Researchers have long blamed genetics for autism and autism spectrum disorders (ASD) but no study has ever revealed the mechanism by which genes influence the brain of autistic kids and in what measure.
Three other studies come to underline the idea that genetic mutations are present in about 65 percent of kids diagnosed with ASD.
The author of two of the studies, Hakon Hakonarson, MD, PhD, director of genomics research at The Children’s Hospital of Philadelphia, wanted to highlight the idea that having the variant does not automatically mean a person will develop autism, because besides genetics, environmental factors and other genetic factors are thought to play an important role in developing the condition.
For one of the studies, Hakonarson and his colleagues conducted a genome-wide association study on 780 families, including 3.101 participants with affected kids and then a second group of 1,204 people with autism or ASD and 6,491 in a comparison group. The researchers scanned for markers across the complete set of the DNA to find genetic variations associated with specific diseases.

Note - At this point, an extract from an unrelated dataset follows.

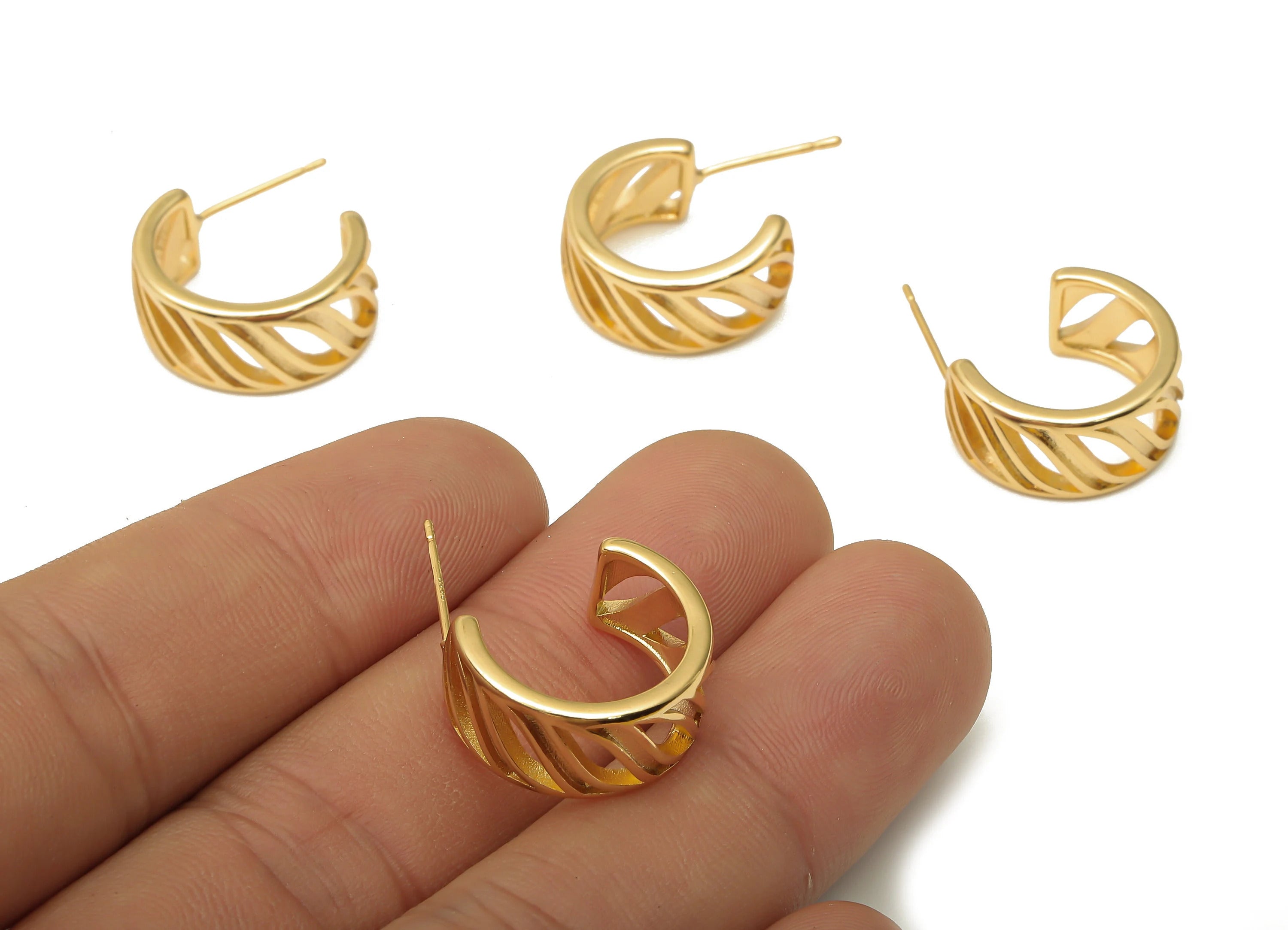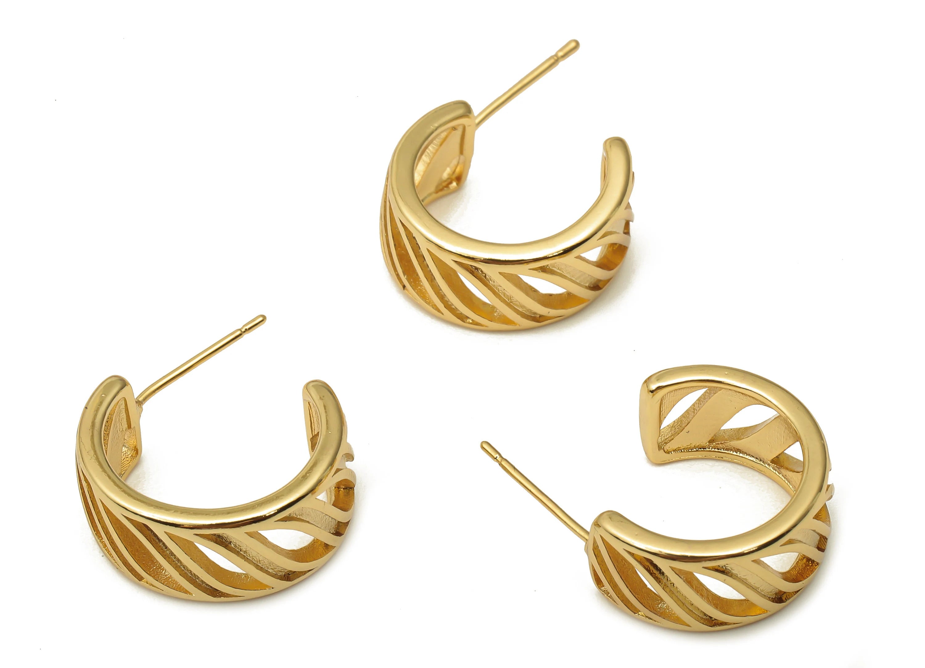 推回式耳钉 - 黄铜 - 925 银耳钉 - 18k 真金镀黄铜 - 7.87 克 - MJ201177

They found only one region that differentiated itself, namely the region of chromosome 5 involving the genes that facilitate cell-to-cell communication -- CDH9 and CDH10. These genes carry codes to produce crucial neuronal cell-adhesion molecules, Hakonarson says. “They sit on the surface of nerve cells and facilitate and create cell-to-cell communication.”
Given the findings, the hopes are to identify these variants at birth or even in utero so intervention can begin early. It has been shown that early treatment for autism increases a kid’s chances to improve.

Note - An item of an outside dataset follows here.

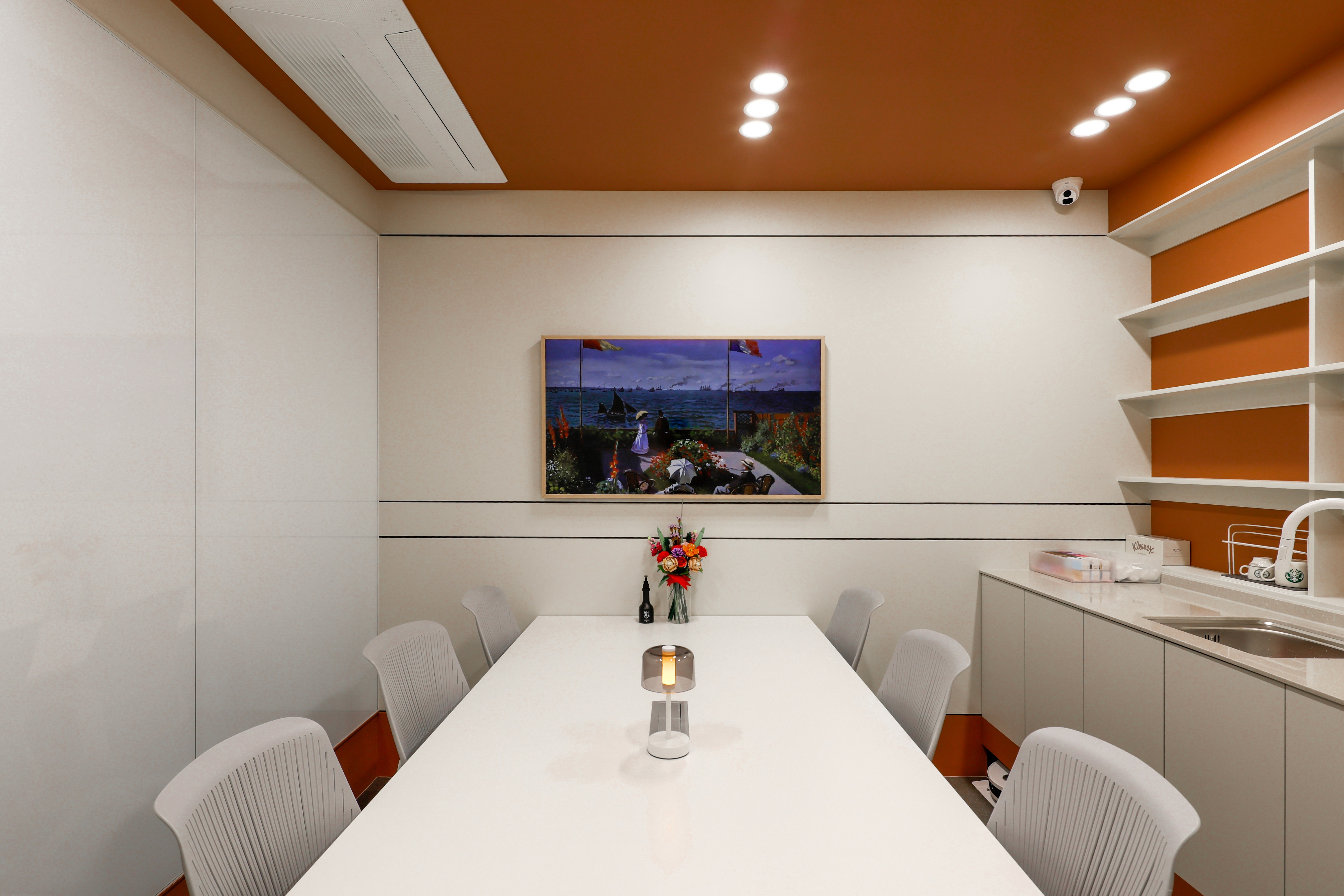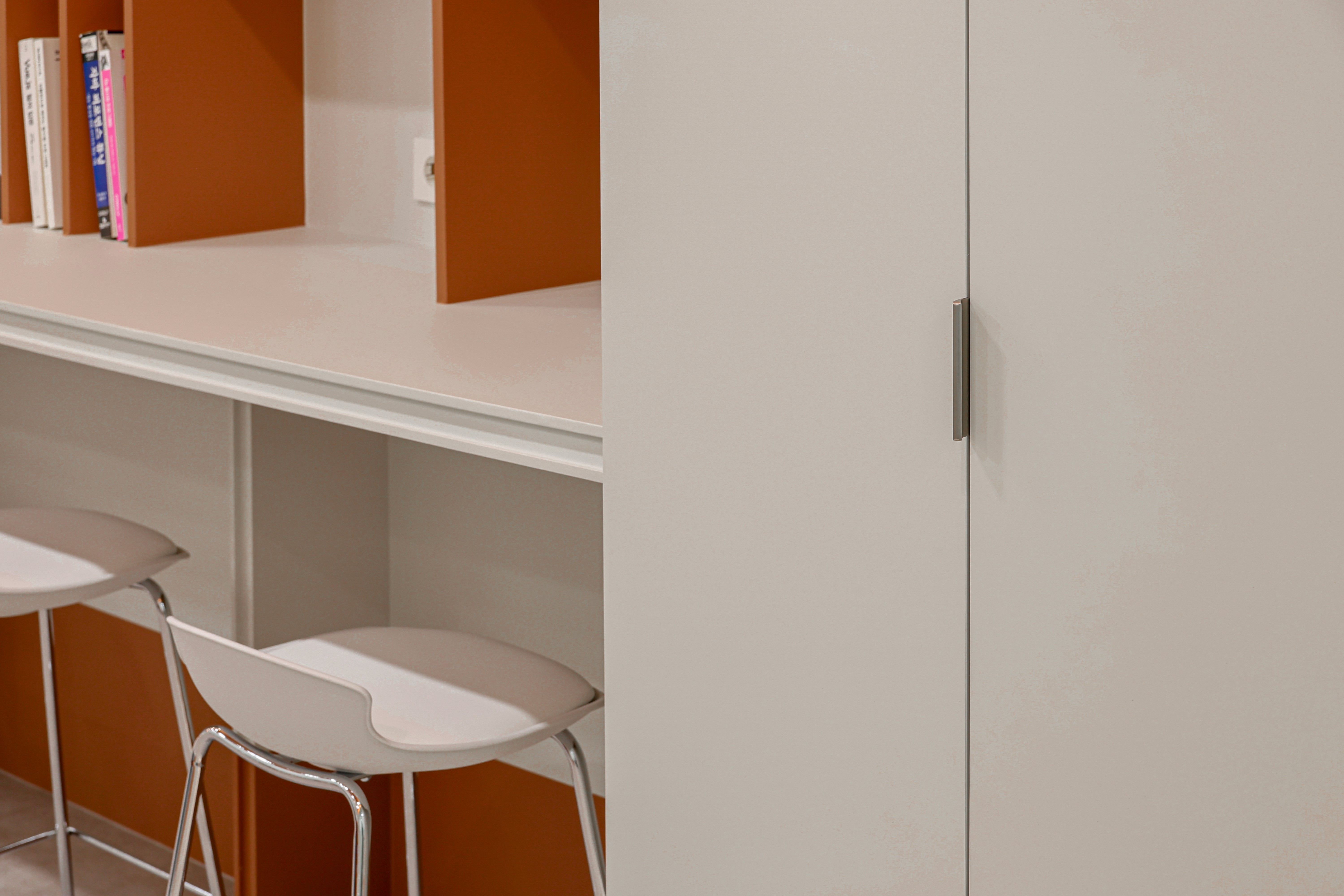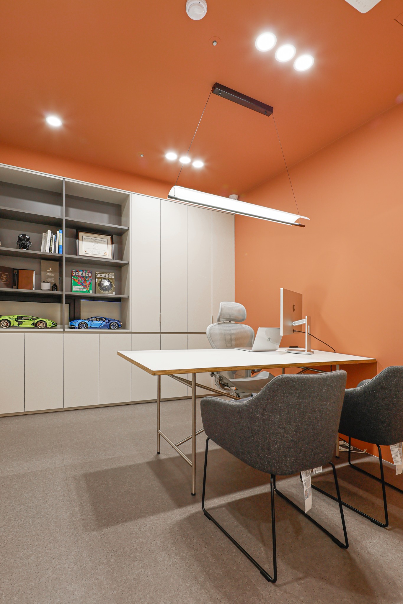 공간은 오렌지 컬러의 대비를 통해 몰입의 리듬을 조율하며,

The other study of Hakonarson and colleagues involved the same ADN analysis but this time the researchers wanted to find genes that were either duplicated or deleted in those with autism or ASD. The analysis involved 2,195 kids with ASD and 2,519 healthy kids.
The researchers found some previously reported genes, but also some new ones.
Both studies, published in the journal Nature, were accompanied by a third study in the Annals of Human Genetics, led by Margaret Pericak-Vance, PhD, director of the Miami Institute for Human Genomics at the University of Miami Miller School of Medicine.
By using the same technique, “we found the same thing as the Nature paper,” Pericak-Vance said, adding that the new research is “the most significant finding to date, the most universal finding to date, that clearly shows common gene variants can play a role in giving someone a risk for autism.”
Autism is a disorder that affects the development of the brain. The disease involves impaired social interaction and communication, as well as restricted and repetitive behavior, all starting before one’s third birthday. Starting the 1980s, the number of autism cases has increased significantly. As maintained by the Centers for Disease Control and Prevention, about 1 in every 150 children has autism or a related disorder.